Asked about the NIH’s plans to back a U.S.-based clinical trial of TPOXX, Judith Hewitt, deputy director of the Office of Biodefense, Research Resources and Translational Research at the National Institute of Allergy and Infectious Diseases, said that “it’s super early days” for such plans.
“There are now just beginning to be discussions about a trial in people living with HIV or at risk of HIV,” she said.
In an email, Dr. Judith Currier, a professor of medicine at the UCLA Division of Infectious Diseases and the chair of a major HIV-related clinical trial network funded by the NIH, confirmed that a trial is being discussed. “I think the holdup is identifying the funding for this work.”
“Money is obviously the real issue here,” Hewitt said. “And so people are scrambling to do what we can do with the resources at hand.” She said the agency is debating whether, for example, to fund a study examining whether a lower dose of the Jynneos vaccine would be highly effective against monkeypox. “So that’s within the same treatment area. But then we’re still up to our eyeballs in Covid.”
Krellenstein, the activist, said, “It’s bizarre, given that we have such large supply in the strategic national stockpile and TPOXX was approved without any human efficacy data, that there weren’t ready-to-go plans for actually doing a U.S. clinical study in the event that we needed to use it.”
According to SIGA’s Hruby, the company might not even look to U.S.trial data on TPOXX to submit to the FDA. Instead, they might rely on the combined findings of the trials already primed to launch in other nations, along with safety data from compassionate-use programs worldwide.
As for how long before the company would submit the drug for FDA approval, Hruby wouldn’t speculate.
“These things always take longer than expected, especially when working with large teams,” Hruby said.
Even on a drug given priority review, the FDA typically takes six months to reach a decision.
TPOXX could help blunt monkeypox’s impact
If approved, TPOXX would offer a future in which the antiviral complements widespread vaccination among at-risk individuals to mitigate monkeypox’s impact on public health, experts said.
The virus could be treated at the very first sign of symptoms, and possibly even during the asymptomatic incubation period if testing technology advances to permit detection at that stage. Such early medical intervention would not only prevent pain and suffering, but would also very likely block transmission of the virus by shortening or eliminating the disease’s infectious period.

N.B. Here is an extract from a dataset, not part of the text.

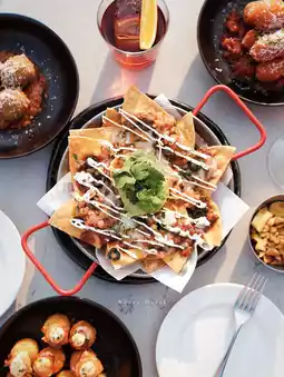 Corn flakes, kidney beans, chili sausage, cheddar cheese, avocado sauce,
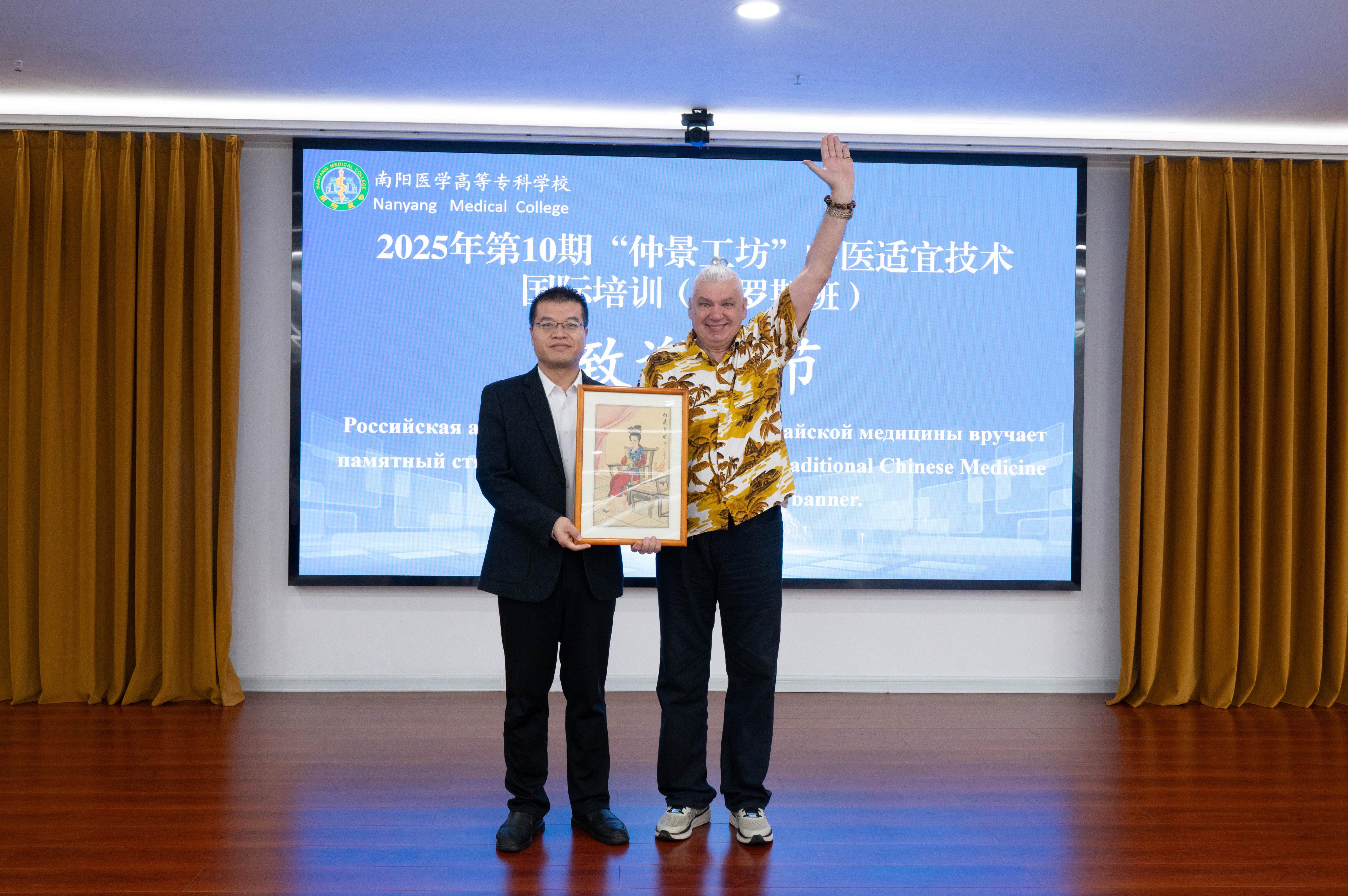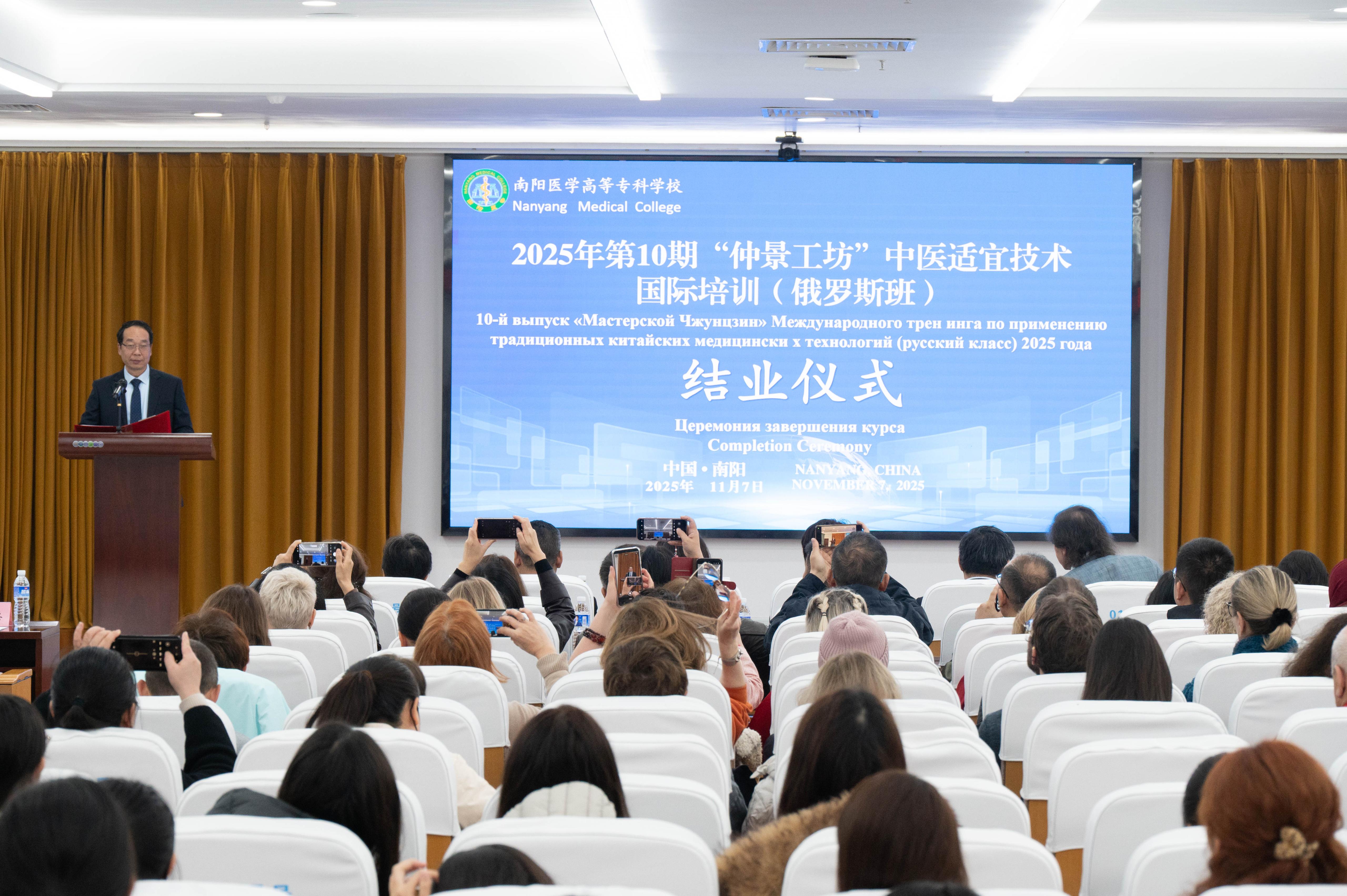 本网讯(文/对外合作交流处 夏灵果)11月7日上午,我校举行2025年第10期“仲景工坊”中医适宜技术国际培训(俄罗斯班)结业仪式。俄罗斯中医药学会会长任泽斌、副会长马克苏特,我校校长范真、党委副书记刘涛出席,来校参加中国职业技术教育大会中医技术技能研讨会的代表,我校外籍教师、来华留学生和师生代表共200余人参加。仪式由副校长刘荣志主持。

Treatment could also save people from the personal and financial hardship of isolating at home for what can be weeks of illness with monkeypox that’s left to resolve on its own.
What’s more, TPOXX could be used as post-exposure prophylaxis among people exposed to monkeypox, either among unvaccinated people or those who cannot be vaccinated, such as the immunocompromised, according to Columbia’s Zucker.
The U.S. Army Medical Research and Development Command does have an established study to assess such a preventive use of this drug. And while a listing of the trial indicates participants must be Department of Defense–affiliated personnel, according to Hruby, there actually is no such restriction.
Friday morning, Luke Brown said his pain had begun to subside and he was watching in wonder as his lesions were steadily sinking back into his skin — “like magic.”
Reflecting on the ordeal monkeypox has been for him, he said it had inspired him to become a public-health activist.
“I’m resolved to see that no one suffers like I did, because no one needs to,” he said.
Anticipating that the U.S. monkeypox outbreak will only continue to expand, he said, “We are just at a crest of avoidable pain unless access to this drug becomes easier.”